「楠」終章
楠
判決からほぼ二年後、二歳児放置餓死事件の被告人、夏川梨沙の姿は、横浜市郊外のとある霊園の中にあった。
控訴をせず、懲役四年の刑が確定した夏川梨沙は、その後栃木県にある女子刑務所に送られ、服役すること二年足らず、四年のうちの公判前勾留期間、及び刑の約三分の一の仮釈放期間を差し引いた年月を、刑務所の中で模範囚として過ごし、出所した。
本堂を出て、プレート墓が碁盤の目のように縦横に配置された、広大な墓地の敷地に足を踏み入れた夏川梨沙は、先月出所と同時にそこの霊園に求めた、死なせてしまった娘の真奈の墓の方へと、歩を進めた。服役中に得た作業報奨金ではもちろん足りず、保護観察官に事情を説明し、前借りして用立てて墓を建てていた。
真奈の墓に着くと、夏川梨沙は携行した花をプレート墓の横の芝生の上に延べ、魔法瓶の水を墓一面に掛けた。
腰を屈め、合掌して祈った。
「・・・・・・・・・・・・・・・・・・」
提げて来ていたトートバッグに魔法瓶を戻し、立ち上がった。
その時ふと、夏川梨沙の目に、向いの通りと墓地の敷地を限る、木立の垣のほぼ中央に、一段と高く立つ樹木の姿が視界に入った。
夏川梨沙は誘われるように、その樹の方へと、歩いて行った。
目の前で見ると、大木だった。
一メートルぐらいの高さのところでも、幹の太さは夏川梨沙の両手二抱えでは収まり切れないぐらいあった。
ほぼ根本から幹は二股に分かれていて、見上げると上の方でも、幾箇所か二股に分かれる枝振りが目立った。

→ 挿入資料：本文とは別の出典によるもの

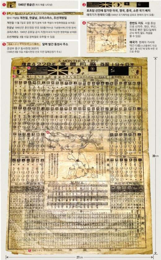 태극기 양 옆에는 1945년 7월 26일 일본에 항복을 권고하고, 일본에 대한 전후 처리 방침을 표명한 ‘포츠담 선언’에 참가했던 미국과 영국, 중국, 소련 국기가 배치됐다. 달력의 중국 국기는 현재 중화인민공화국의 오성홍기가 아닌 중화민국(대만)의 청천백일만지홍기다. 당시는 중국 총통이던 장제스가 마오쩌둥과 치른 국공 내전에서 패하기 전으로 중화민국이 중국 본토를 통치하고 있었다. 5개국 국기 맨 왼쪽과 오른쪽에 있는 개는 1946년이 병술년(丙戌年) ‘개의 해’임을 알리고 있다.

灰褐色の木肌で、鱗状に縦に裂け目が続く樹皮を被っていた。
緑色をした葉々を手に載せて見ると、幹に比べ小振りで、それぞれが根元からしっかりと三方向に分かれる葉脈を付けていた。
木の名前を示す小さな名札プレートが、樹肌に張り付いていた。
「楠」とあった。
夏川梨沙は、しばらくその樹を見上げていた。
〈樹齢は何年ぐらいなのだろう。五十年、百年・・・?〉
夏川梨沙は踵を返した。
〈自分もおそらくあの楠のように生きて行くのだろう)
広い墓地の中を、夏川梨沙は、たった独りで、歩いて行った。